Indic Syllabic Categories

Mon May 12 13:43:04 CDT 2014

Richard Wordingham asked:

> Is the provisional property 'Indic_Syllabic_Category' defined by
> anything deeper than the UCD file IndicSyllabicCategory itself?  

Basically, no. It simply gathers together information scattered
about in the core spec and elsewhere about claims regarding
what all the characters are. The classification has been undergoing
further review and will be updated again shortly for the 7.0
Unicode release with some further distinctions and corrections.

However, the file(s) (and properties) will remain provisional for
Unicode 7.0. And there is no overarching UTR which provides
a definitive model for all of these categories. The values are
evolving more along the lines of what is proving useful for
implementation, rather than being a priori defined categories.

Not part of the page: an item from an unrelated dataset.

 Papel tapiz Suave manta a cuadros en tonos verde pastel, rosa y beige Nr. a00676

> Is the property meant to be tailorable?  For example, there are
> encoded characters in the Khmer script that serve as tone marks when it
> is used to write Thai.

For a property to be "tailorable" in a Unicode context, you pretty
much have to have some kind of algorithm defined which uses
those property values and then changes them in some systematic
way to modify the outcome of the algorithm. In this case, there
is no Unicode algorithm defined (although implementers may
have specific algorithms in their rendering engines), and the data
is all provisional.

There is a probability that the two Indic category files may be promoted
to *informative* status as of Unicode 8.0, with further modifications,
extensions, and corrections. The main difference would be that once
a property becomes *informative* in the UCD, the UTC would be
committed to keeping it around and maintaining it. By contrast,
a provisional property can just be removed, if it doesn't pan out.

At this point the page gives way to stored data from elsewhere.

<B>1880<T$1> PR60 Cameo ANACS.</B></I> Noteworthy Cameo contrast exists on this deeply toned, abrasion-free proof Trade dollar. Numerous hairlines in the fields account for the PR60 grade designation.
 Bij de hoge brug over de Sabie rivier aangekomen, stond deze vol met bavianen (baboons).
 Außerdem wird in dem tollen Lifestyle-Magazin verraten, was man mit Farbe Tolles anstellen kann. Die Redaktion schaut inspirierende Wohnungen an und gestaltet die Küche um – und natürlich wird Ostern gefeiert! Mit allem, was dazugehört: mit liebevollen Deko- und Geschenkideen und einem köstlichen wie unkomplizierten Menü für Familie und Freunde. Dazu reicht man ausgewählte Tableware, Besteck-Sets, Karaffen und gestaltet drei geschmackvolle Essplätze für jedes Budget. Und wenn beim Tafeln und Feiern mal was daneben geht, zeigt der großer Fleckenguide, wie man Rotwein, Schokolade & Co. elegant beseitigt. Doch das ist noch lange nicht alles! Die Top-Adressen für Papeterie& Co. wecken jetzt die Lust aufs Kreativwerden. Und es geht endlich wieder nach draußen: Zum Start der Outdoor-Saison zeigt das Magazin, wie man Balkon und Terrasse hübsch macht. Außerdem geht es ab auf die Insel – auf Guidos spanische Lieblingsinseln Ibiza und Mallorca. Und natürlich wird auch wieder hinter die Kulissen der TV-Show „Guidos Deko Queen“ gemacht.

My suggestion, for those who are interested in this topic, would be
to review the relevant data files, implied script behaviors, and documents
and proposals in the UTC document register -- and over the course of
the next year participate in providing feedback on this topic and
the data files, so that if/when the files and related properties become
informative for Unicode 8.0 next year sometime, these questions
and any concerns about the various edge cases as applied to Southeast
Asian scripts, can be addressed before the properties become more
difficult to update.

--Ken